[Task data — start]

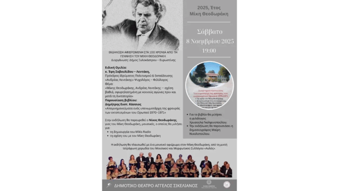 Ο Δήμος Ξυλοκάστρου – Ευρωστίνης, σε συνεργασία με τον συγγραφέα Δημήτρη Ευστ. Κάσσιο, τιμά τον Μίκη Θεοδωράκη με αφορμή τη συμπλήρωση 100 χρόνων από τη γέννησή του, διοργανώνοντας μια ξεχωριστή εκδήλωση στο Δημοτικό Θέατρο “Άγγελος Σικελιανός” το Σάββατο 8 Νοεμβρίου 2025, ώρα 19:00.
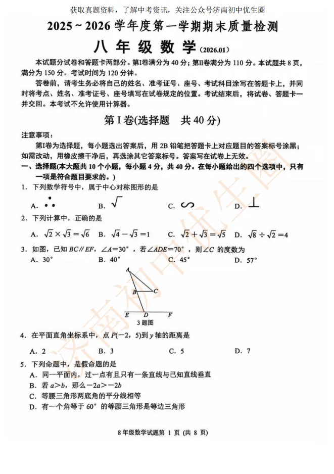 济南市各区期末考试正在进行中,关注公众号:济南初中优生圈,扫码免费领取初一至初三期末最新真题
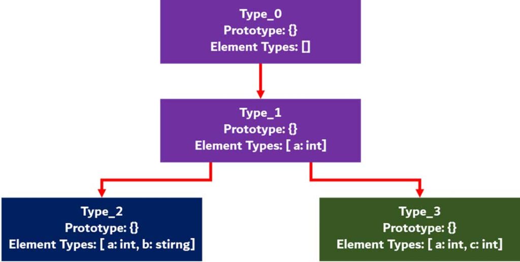 ممکن است صحبت درباره “نوع” در این زمینه عجیب به نظر برسد، زیرا از دید برنامهنویس، جاوا اسکریپت به اصطلاح یک زبان weekly typed است، اما در لایههای پایین، موتور همچنان پیگیر این است که هر آبجکت از چه نوعی میباشد. حال ممکن است این سوال پیش بیاید که در صورت ایجاد یک آبجکت جدید، موتور چگونه نوع مناسب را به آن اختصاص میدهد.
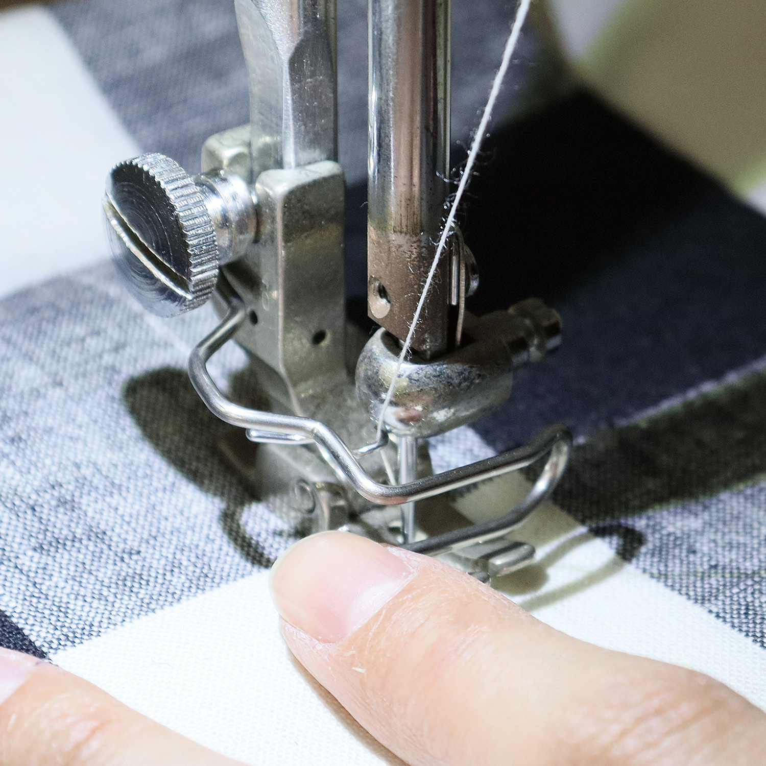 押さえの上部に取り付けて、ゆびが巻き込まれないようにガードする。
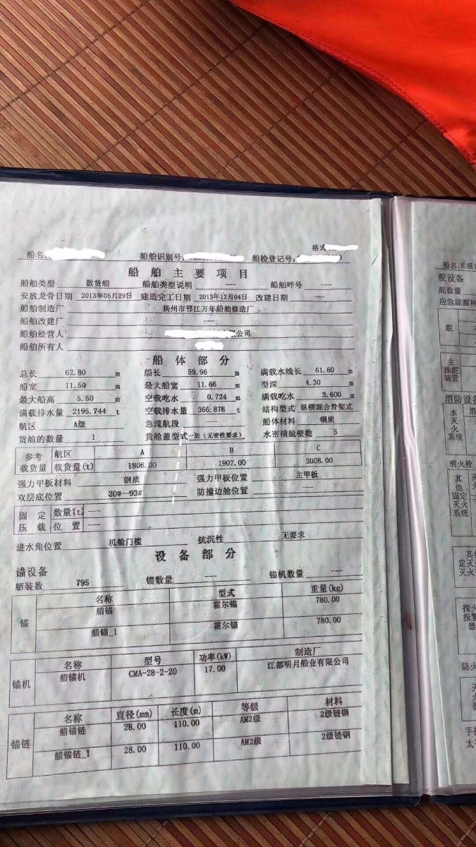 吉船尺寸62.8,11.5,4.3,报价256万,宁动408X2,2013年12月。 扬州邗江造 ,尖头前驾固定娄,安微手续,高低龙筋9道,下料75 ,大川甲板水绞10 ,挂板船底二层板8 双占通仓,双层甲板,货仓40米,前面3道梁,双锚头,总吨935,后大娄1.7米,尾排,配员3人,A710,B560,C410。

[Task data — finish]

- What to do
An exact copy of the entries above is needed, with the pictures removed.

- Written answer
 Ο Δήμος Ξυλοκάστρου – Ευρωστίνης, σε συνεργασία με τον συγγραφέα Δημήτρη Ευστ. Κάσσιο, τιμά τον Μίκη Θεοδωράκη με αφορμή τη συμπλήρωση 100 χρόνων από τη γέννησή του, διοργανώνοντας μια ξεχωριστή εκδήλωση στο Δημοτικό Θέατρο “Άγγελος Σικελιανός” το Σάββατο 8 Νοεμβρίου 2025, ώρα 19:00.
 济南市各区期末考试正在进行中,关注公众号:济南初中优生圈,扫码免费领取初一至初三期末最新真题
 ممکن است صحبت درباره “نوع” در این زمینه عجیب به نظر برسد، زیرا از دید برنامهنویس، جاوا اسکریپت به اصطلاح یک زبان weekly typed است، اما در لایههای پایین، موتور همچنان پیگیر این است که هر آبجکت از چه نوعی میباشد. حال ممکن است این سوال پیش بیاید که در صورت ایجاد یک آبجکت جدید، موتور چگونه نوع مناسب را به آن اختصاص میدهد.
 押さえの上部に取り付けて、ゆびが巻き込まれないようにガードする。
 吉船尺寸62.8,11.5,4.3,报价256万,宁动408X2,2013年12月。 扬州邗江造 ,尖头前驾固定娄,安微手续,高低龙筋9道,下料75 ,大川甲板水绞10 ,挂板船底二层板8 双占通仓,双层甲板,货仓40米,前面3道梁,双锚头,总吨935,后大娄1.7米,尾排,配员3人,A710,B560,C410。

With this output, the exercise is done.